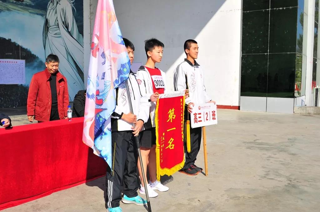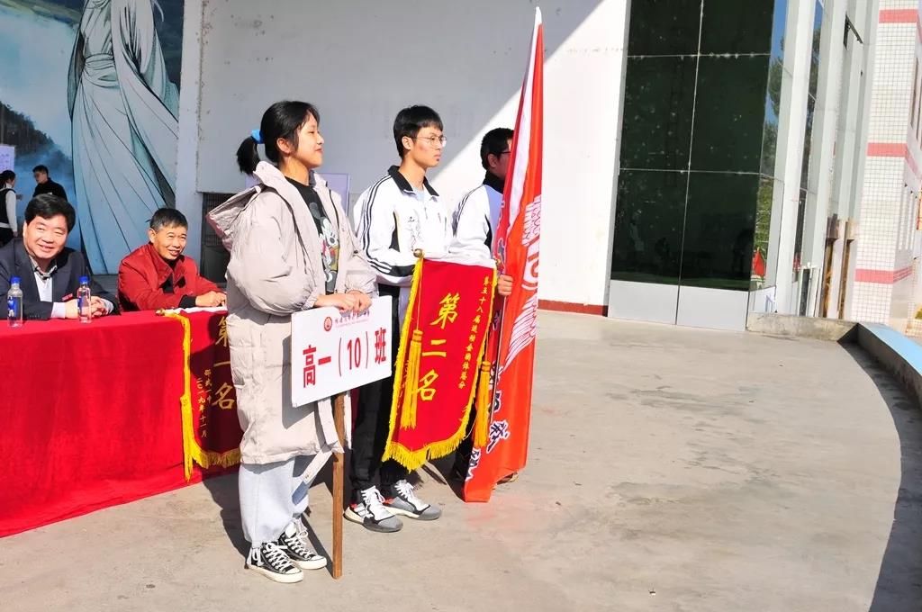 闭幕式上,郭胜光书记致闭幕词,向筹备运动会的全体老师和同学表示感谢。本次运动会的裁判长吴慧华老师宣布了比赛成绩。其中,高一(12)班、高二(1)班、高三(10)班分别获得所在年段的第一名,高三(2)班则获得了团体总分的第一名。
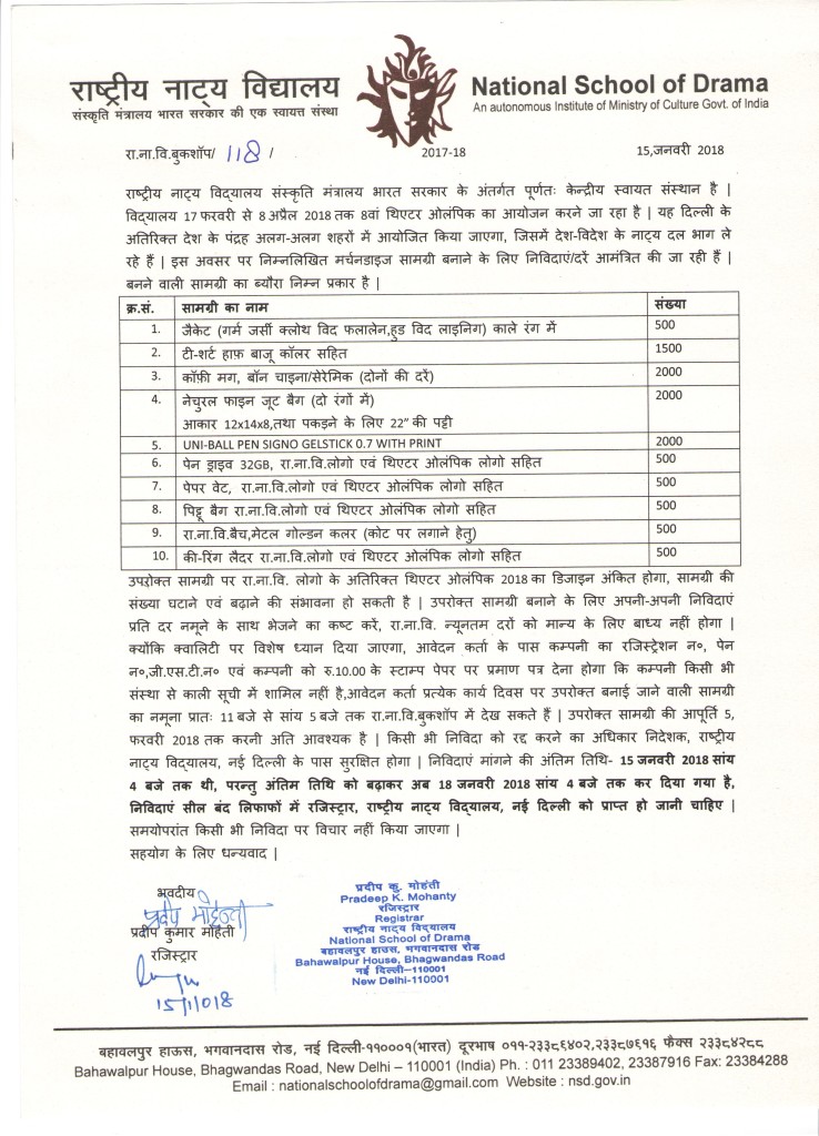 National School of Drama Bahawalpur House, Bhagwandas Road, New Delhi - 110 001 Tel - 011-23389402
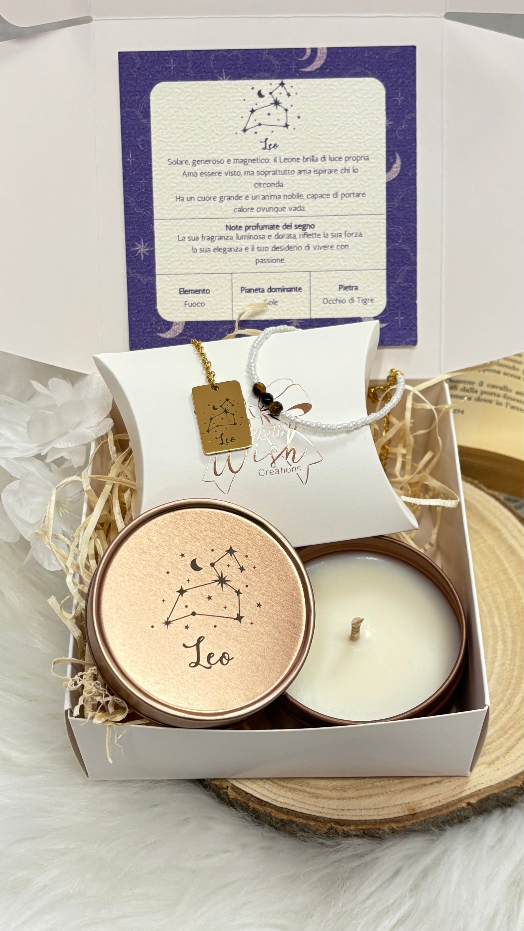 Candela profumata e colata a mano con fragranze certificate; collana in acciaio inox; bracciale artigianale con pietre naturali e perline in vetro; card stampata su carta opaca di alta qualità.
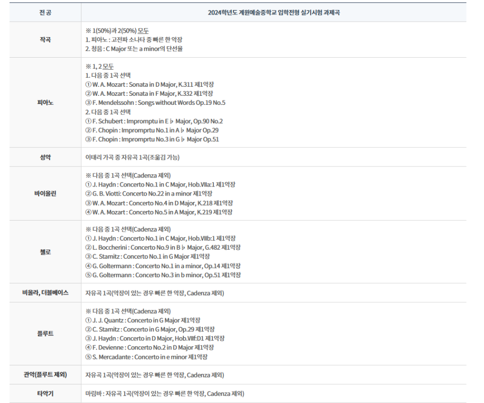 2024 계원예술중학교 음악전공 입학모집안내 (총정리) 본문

☆ ☆ ☆ ☆ ☆ ☆ ☆

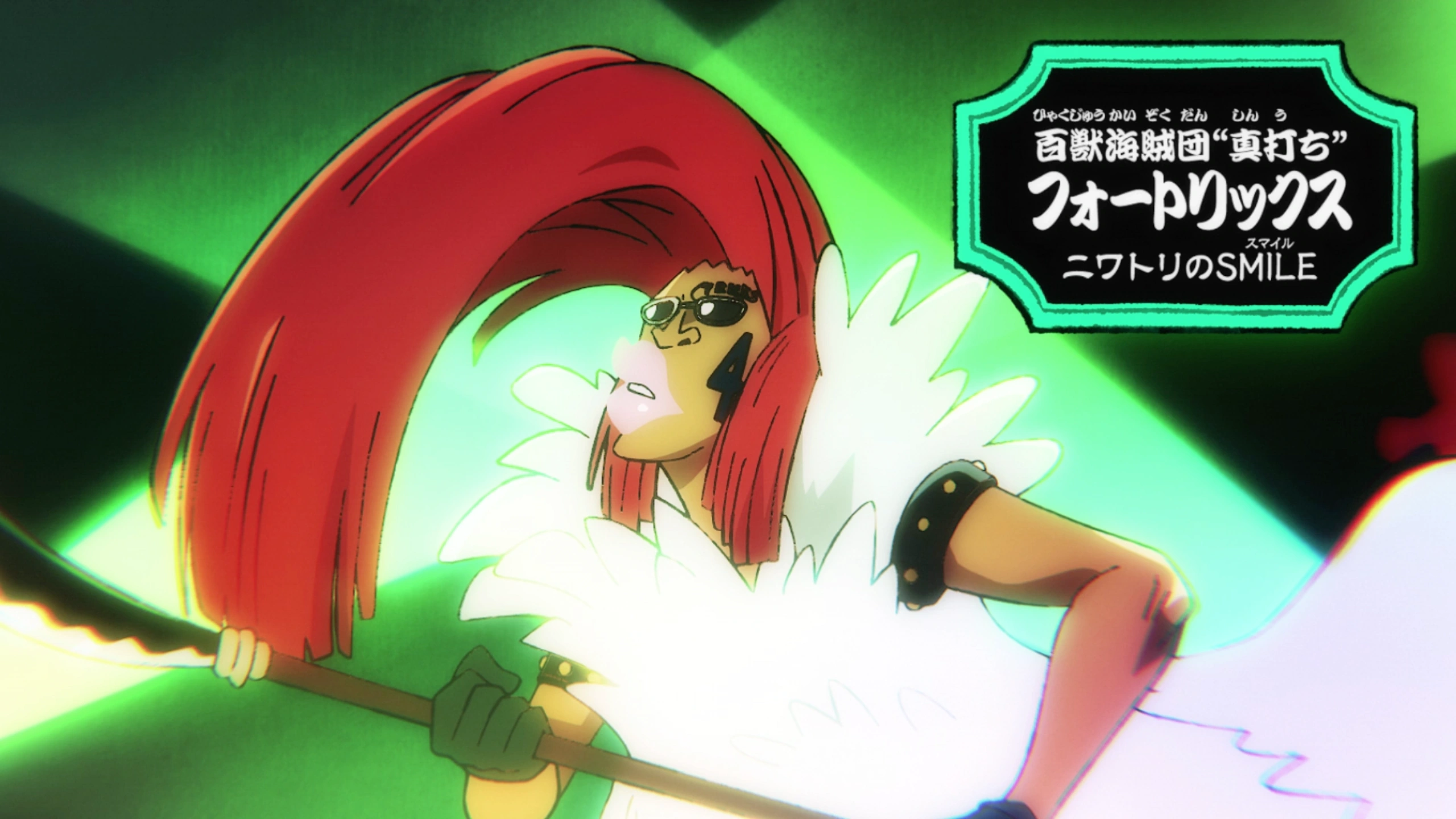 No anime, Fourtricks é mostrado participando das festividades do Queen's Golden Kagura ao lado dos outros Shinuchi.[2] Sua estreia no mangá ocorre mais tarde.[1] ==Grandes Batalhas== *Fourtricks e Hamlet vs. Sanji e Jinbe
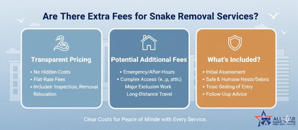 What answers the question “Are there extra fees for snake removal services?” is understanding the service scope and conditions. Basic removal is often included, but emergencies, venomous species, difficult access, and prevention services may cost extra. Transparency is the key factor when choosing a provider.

☆ ☆ ☆ ☆ ☆ ☆ ☆

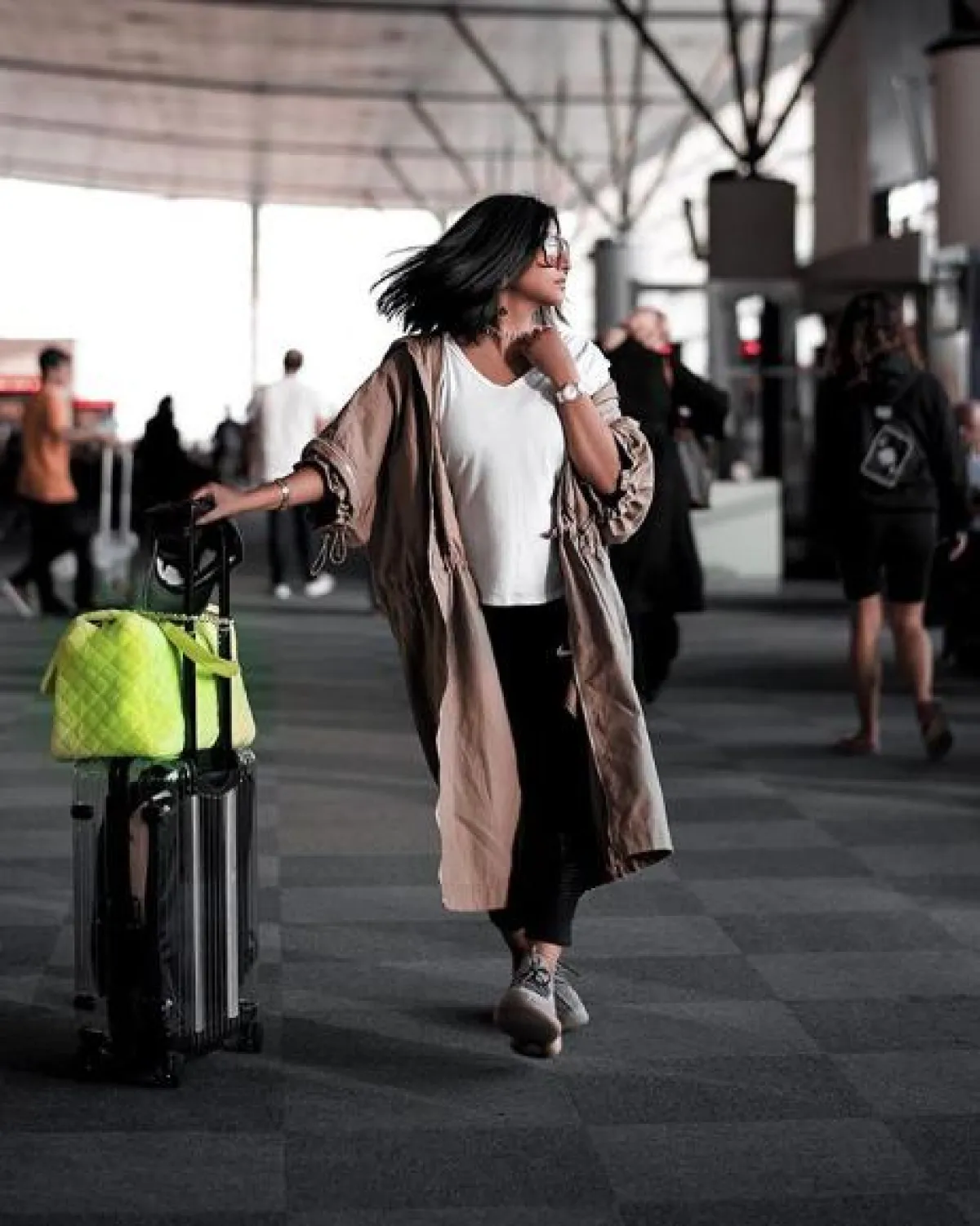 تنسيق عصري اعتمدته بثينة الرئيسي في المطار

☆ ☆ ☆ ☆ ☆ ☆ ☆

- Try it:
Copy only this from above: the line containing "Candela profumata e", the line containing "2024 계원예술중학교 음악전공 입학모집안내 (총정리) 본문", and all lines between, printed exactly. Leave out the pictures.

- Task answer:
 Candela profumata e colata a mano con fragranze certificate; collana in acciaio inox; bracciale artigianale con pietre naturali e perline in vetro; card stampata su carta opaca di alta qualità.
 2024 계원예술중학교 음악전공 입학모집안내 (총정리) 본문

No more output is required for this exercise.